Exercise description –
Give back, unaltered, the lines from the one with "This Kiss Me" to the end of the material, omitting pictures.

Information provided –
------------------------

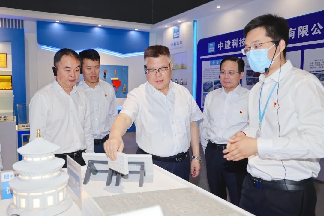 指導組一行先后深入濟南都市陽臺、黃河體育中心專業足球場項目現場,了解項目建設歷程、安全質量管理、創新技術應用等方面情況,肯定了項目堅持黨建引領、建強支部堡壘取得的成效。在中國建筑綠色產業園(濟南),指導組一行走進建筑產業化工廠、新型模架智造基地、BIM+機電一體化智造基地,近距離參觀產品生產線,與一線產業工人深入交流,了解企業自主研發的智慧工廠管理平臺及產品應用情況。
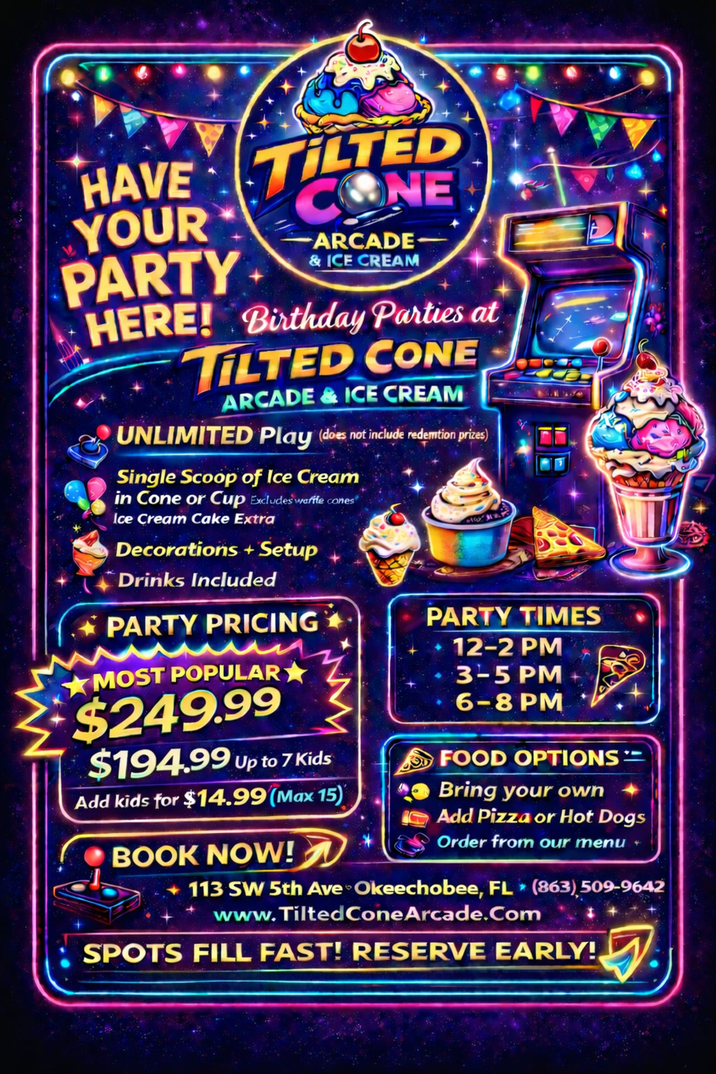 Tilted Cone Arcade parties cover all the essentials and then some.
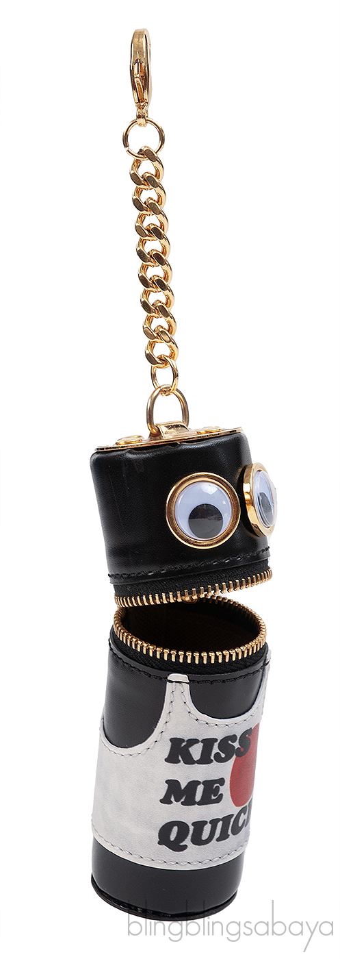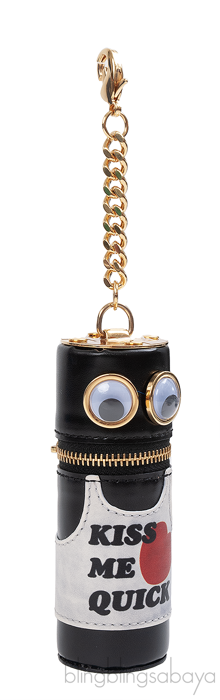 This Kiss Me Quick lipstick pouch is a quirky storage option for your favorite lipstick. Crafted from luxurious calfskin leather with bound edges and signature googly eyes, this one makes a charming addition to handbags.
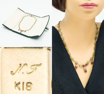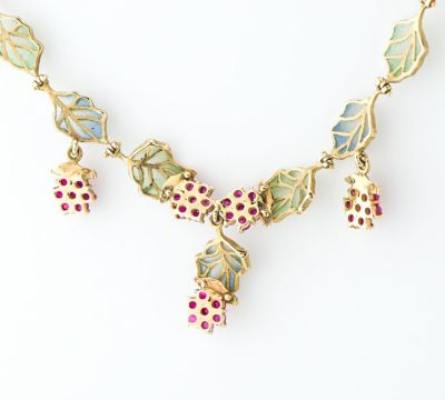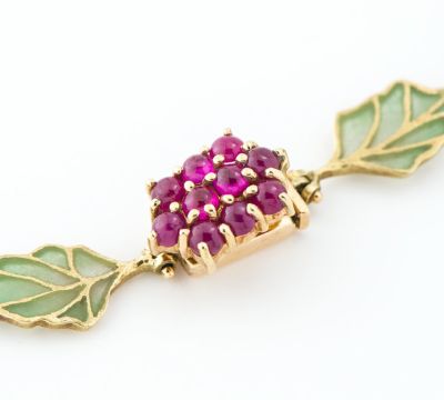 特徴 日本におけるエマイユ(七宝)ジュエリーの第一人者として高い評価を受けている、中嶋邦夫 ニックスファクトリー in The Garden/インザガーデンのネックレスです。山ぶどうの実をカボションルビー計2.77ctで表現、葉の部分を青と緑のプリカジュール・エナメルで表現されています。自然を巧妙に表現し、誰が見ても素直に美しいと感じられる完成度の高いフォルム、何世代にも渡って受け継がれるべき繊細で優美なジュエリーです。

------------------------

Output for this task –
 This Kiss Me Quick lipstick pouch is a quirky storage option for your favorite lipstick. Crafted from luxurious calfskin leather with bound edges and signature googly eyes, this one makes a charming addition to handbags.
 特徴 日本におけるエマイユ(七宝)ジュエリーの第一人者として高い評価を受けている、中嶋邦夫 ニックスファクトリー in The Garden/インザガーデンのネックレスです。山ぶどうの実をカボションルビー計2.77ctで表現、葉の部分を青と緑のプリカジュール・エナメルで表現されています。自然を巧妙に表現し、誰が見ても素直に美しいと感じられる完成度の高いフォルム、何世代にも渡って受け継がれるべき繊細で優美なジュエリーです。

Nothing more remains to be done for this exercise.